In our fourth Webinar of the 6-part series on Climate Security, we were joined by:

  • Her Excellency Ambassador Rigmor Elianne Koti, Norway’s Special Representative for the Sahel
  • Dr. Bruno Charbonneau, Director, Centre FrancoPaix in Conflict Resolution and Peace Mission
  • Dr. Ornella ModeranInstitute for Security Studies (ISS), Head of Sahel Programme
  • Dr. Catherine-Lune Grayson-Courtemanche, Senior Policy Advisor, International Committee of the Red Cross
  • Dr. Robert Zougmoré, Africa Program Leader, CGIAR Research Program on Climate Change, Agriculture and Food Security

The semi-arid transitional zone between the Sahara Desert and the savannas to the south, known as the Sahel, is one of the most fragile regions in the world, with the OECD characterising all Sahelian countries bar Senegal as either fragile or extremely fragile. Against the backdrop of these acute security threats, there is also a microcosm of localised conflict driven by natural resource scarcity and ethnic identities. As Dr. Moderan noted, an overwhelming majority of conflicts along the semi-arid regions arise locally. Increasingly variable seasonal weather cycles have pushed traditional herders and farmers of different ethnic groups towards the edge of their communal resilience.

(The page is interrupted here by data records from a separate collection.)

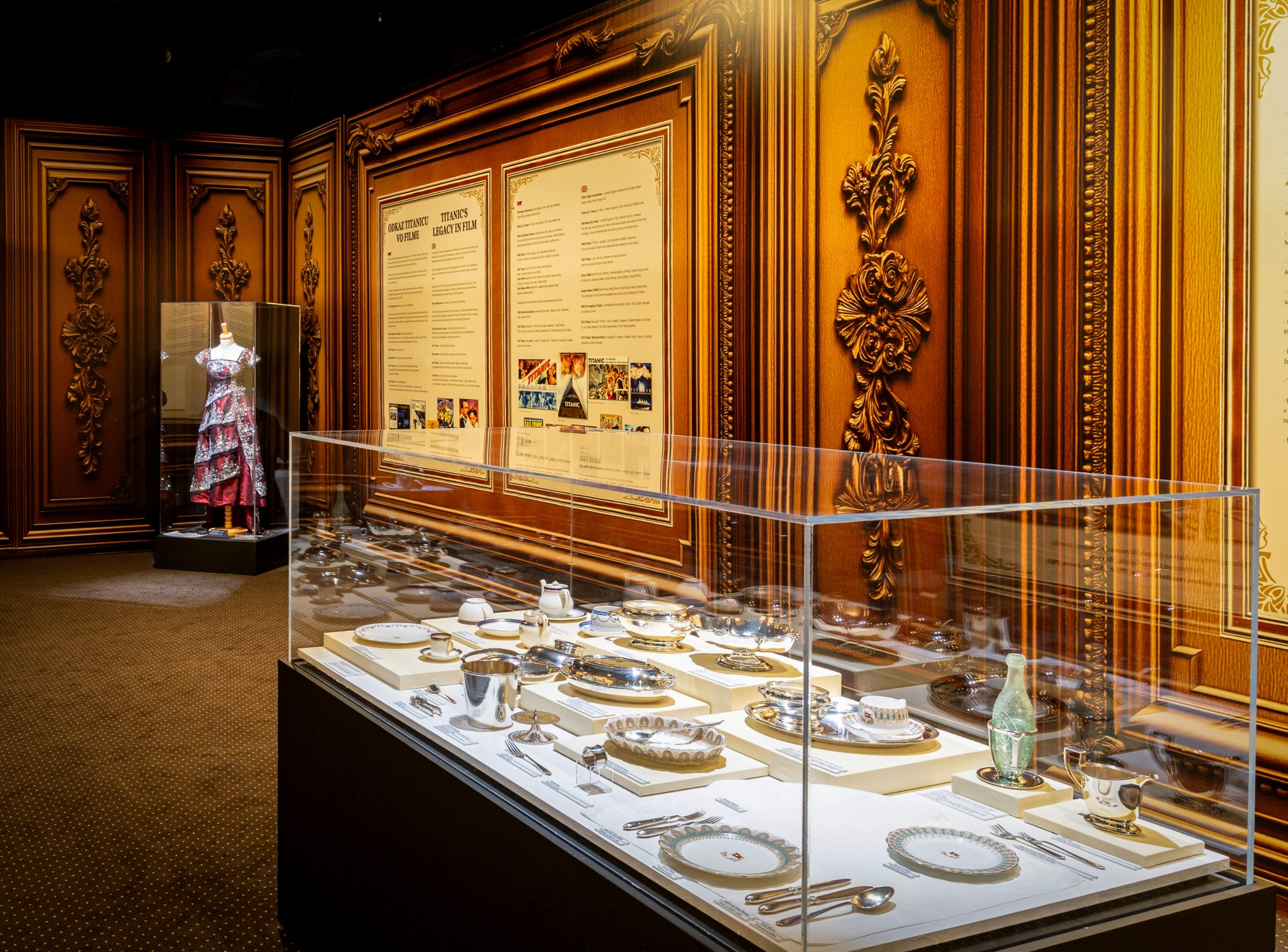 Prostor je doplněn věrnými rekonstrukcemi interiérů lodi, včetně kajut první a třetí třídy, francouzské kavárny, strojovny i slavné přídě známé z filmového zpracování příběhu.
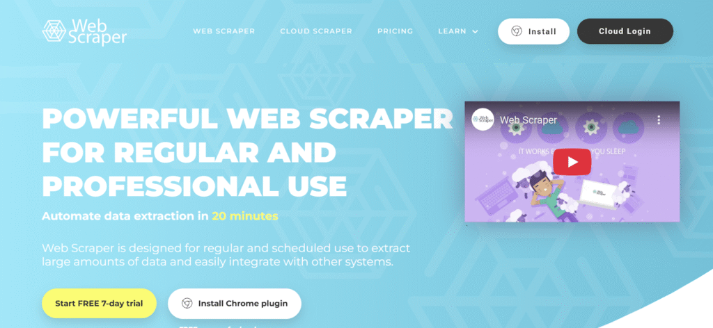 WebScraper.io offers a browser-based platform to build and deploy web scrapers visually. It is popular among beginners and intermediate users for its straightforward interface and cloud running capabilities. The tool supports data extraction from multi-level and JavaScript-heavy sites and provides options for scheduling and cloud hosting. It suits freelancers, small businesses, and researchers.
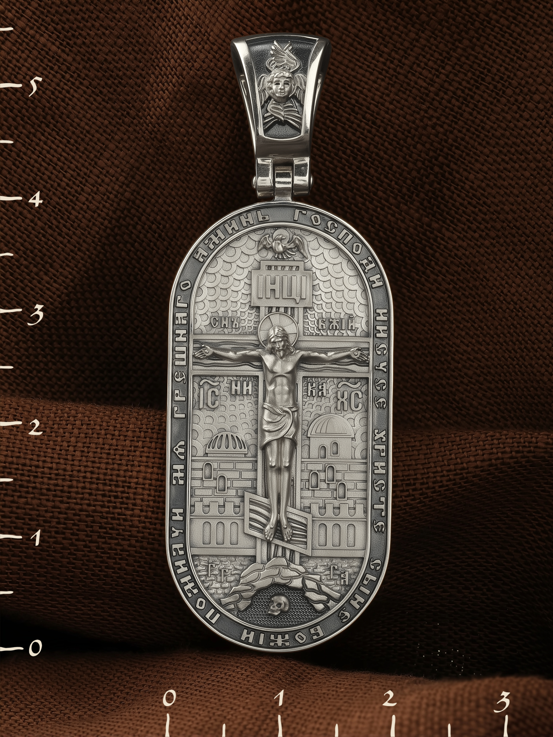 По контуру образка написана молитва: «Господи Иисусе Христе, Сыне Божий, помилуй мя грешного. Аминь». На кулонном кольце изображен шестикрылый Серафим — самый приближенный к Господу Ангел

Dr. Grayson-Courtemanche cited the example of northern Mali, where droughts have forced nomadic herders to travel long distances to find water ponds. There, a lack of institutional presence and localised governance has caused disputes between herders and farmers, the latter heavily dependent on irrigation for their crops. These disputes often escalate into violence along ethnic lines. Dr. Moderan emphasised the need to solve these disputes at the local level to prevent such conditions from becoming fertile ground for further instability as communities in Burkina Faso, Mali, Mauritania, Niger, Chad and other states have become trapped in a mutually reinforcing cycle of conflict, poverty, weak institutions, and lack of social safety nets.

Against this backdrop of high-risk factors and tangible instability, the Sahel is also facing an increasingly variable climate. In the absence of adequate state capacity to mediate and support those in need, and in the presence of war, Dr. Grayson-Courtemanche stresses that the poor will turn ever more destitute.

Over the past decade, international priorities have shifted towards a heavy military and counter-insurgency focus. Given the complexities in dealing with the cycle of poverty and conflict in the region, the current response lies in stark contrast to the type of approach most desirable. Moving away from a reactive scheme, a more preventive tack, including establishing sustainable livelihoods and addressing the root causes of conflict becomes an imperative.

  

The situation in the Sahel needs unity of purpose and must be addressed on three separate levels:

  • Biophysical Level: Dr. Zougmoré called for a better understanding of how the changes in environmental factors are influencing livelihoods of farmers and those who reside in vulnerable regions. How do impacts on the food system trickle into other security threats for the region?
  • Livelihoods Level: How do we design interventions that can allow for the sustainable establishment of livelihoods for affected populations?
  • Institutional Level: How do we improve government capacity to deal with conflict, mediate grievances and provide strong social safety nets for the populace?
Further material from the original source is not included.